CISSP PRACTICE TESTS Chapter 2 ▪Asset Security (Domain 2). Questions and answers. VERIFIED. 1. Angela is an information security architect at a bank and has been assigned to ensure that transactions are secure as they traverse the network. She recommends that all transactions use TLS. What threat is the most likely attempting to stop, and what method is she using to proctect against it? A. Man-in-the-middle VPN B. Packet injection, encryption C. Sniffing, encryption D. Sniffing, T...

1. Corporate management (including the CEO) must certify monthly and annually their organization’s internal controls over financial reporting. ANS: F PTS: 1 2. Both the SEC and the PCAOB require management to use the COBIT framework for assessing internal control adequacy. ANS: F PTS: 1 3. Both the SEC and the PCAOB require management to use the COSO framework for assessing internal control adequacy. ANS: F PTS: 1 4. A qualified opinion on management’s assessment of internal control...

How many steps in NIST RMF? Correct Answer 6 Name steps of the NIST RMF Correct Answer 1) Categorize Info Systems 2) Select Security Controls 3) Implement Security Controls 4) Assess Security Controls 5) Authorize Info Systems 6) Monitor Security Controls What are the layers of COBIT? Correct Answer Governance and Management What are the Management layers of COBIT? Correct Answer 1) Align, Plan, and Organize 2) Build, Acquire, and Implement 3) Deliver, Service, and Support 4) Mo...

Business Relationship Manager - correct answer -A role that serves as the strategic interface between a Provider, and one or more Business Partners to stimulate, surface and shape business demand for the Provider's products and services and ensure that the potential business value from those products and services is captured, realized, optimized and recognized.
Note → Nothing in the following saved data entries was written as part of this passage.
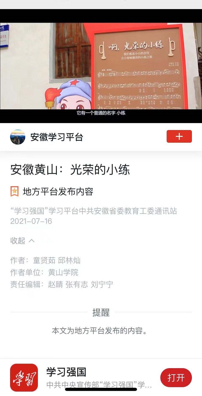 由我院陈庆泓老师指导,戏剧影视文学专业童贤茹、邱林灿等同学创作的党史纪录片《光荣的小练》荣登学习强国“安徽学习平台”《视频安徽》栏目(7月16日)。
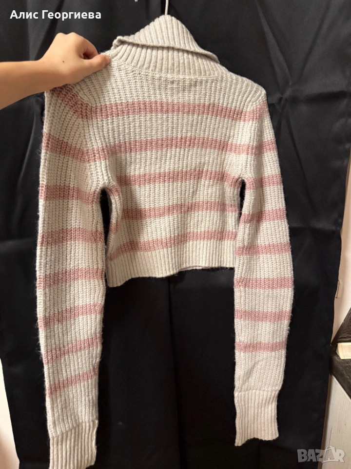 Бяло-розов пуловер- късичък. Без забележки. Ако имате въпроси, не се колебайте да ми пишете.
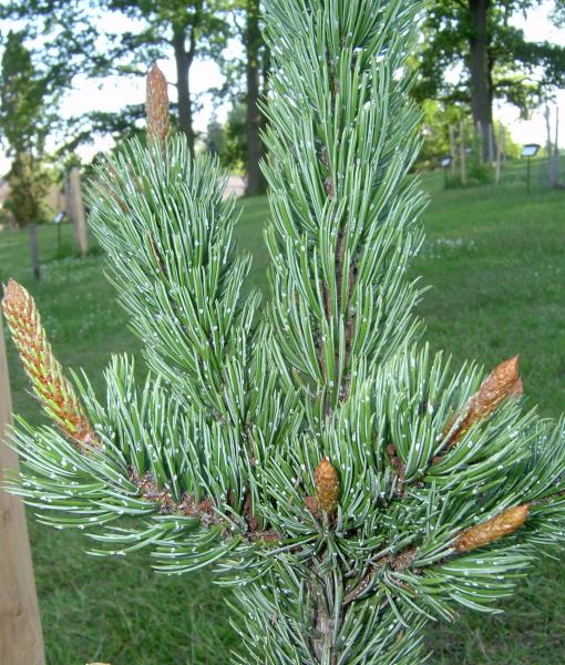 Borovice lesní (Pinus sylvestris), lidově též sosna je strom vyskytující se na území České republiky přirozeně od nížin až do nadm. výšky 1000 m., dožívající se stáří 300 – 350 let, dorůstající velikosti až 40 m. Původně byla sosna součástí zejména borových doubrav, ze kterých je postupně agresivnějším dubem vytlačována na méně hostinná písčitá stanoviště, kde již jí dub nekonkuruje a vytváří zde samostatný vegetační stupeň bory. Velmi působivá je její rezavá borka vytahující dřevinu z porostu opticky do popředí. Jejího dojmově velmi silného účinku bývá využíváno zejména v krajinářských úpravách, na místech, kde její kmen osvítí červený kotouč zapadajícího slunce. Borovice lesní má jehlice po 2 ve svazečcích, obyčejně zkroucené, namodralé nebo šedavě zelené. Šištice jsou vejčitě kuželovité, symetrické, do 7 cm délky. Její dřevo se používá k výrobě železničních pražců, sloupů, též k výrobě lodí, letadel, apod. Starší borovice jsou zdrojem silic a balzámů, používaných např. k výrobě kalafuny. Z okrasných kultivarů je v našem arboretu zastoupena např. sloupovitě rostoucí borovice s modrozelenými jehlicemi - P. s. ´Pyramidalis glauca´.
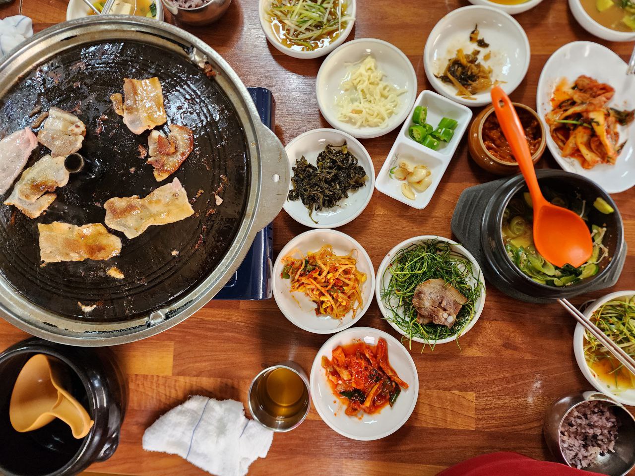 천강돌솥밥 반찬과 대패삼겹살 돌구이 ⓒ click your dream
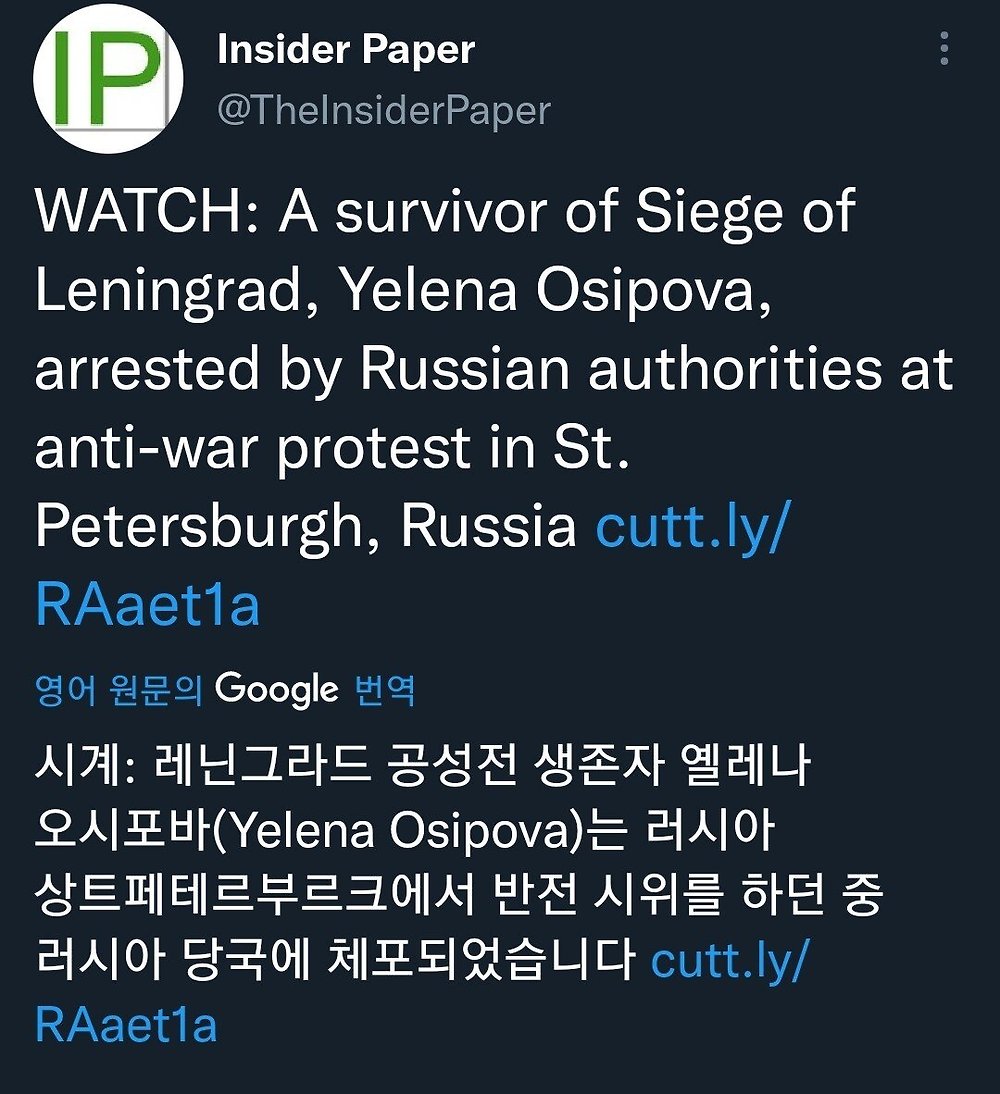[유머] 러시아) 반전시위 90세 할머니 [레닌그라드(스탈린그라드) 생존자] 연행

Three Perspectives of BRM - correct answer -- Role (duties and responsibilities) - Discipline (skills, capabilities and knowledge) ...

hat any risk (or opportunity) associated with organizational activities is identified and addressed in a way that supports the organization's business goals Compliance - answerMaking sure that organizational activities are operated in a way that meets the laws and regulations impacting those systems IT Governance - answer1) The processes that ensure the effective and efficient use of IT in enabling an organization to achieve its goals 2)A move from ad hoc IT devision making to establishin...

BRMP Certification Exam Questions and Answers 100% VerifiedBRMP Certification Exam Questions and Answers 100% VerifiedBRMP Certification Exam Questions and Answers 100% Verified Business Relationship Manager - ANSWER-A role that serves as the strategic interface between a Provider, and one or more Business Partners to stimulate, surface and shape business demand for the Provider's products and services and ensure that the potential business value from those products and services is captured...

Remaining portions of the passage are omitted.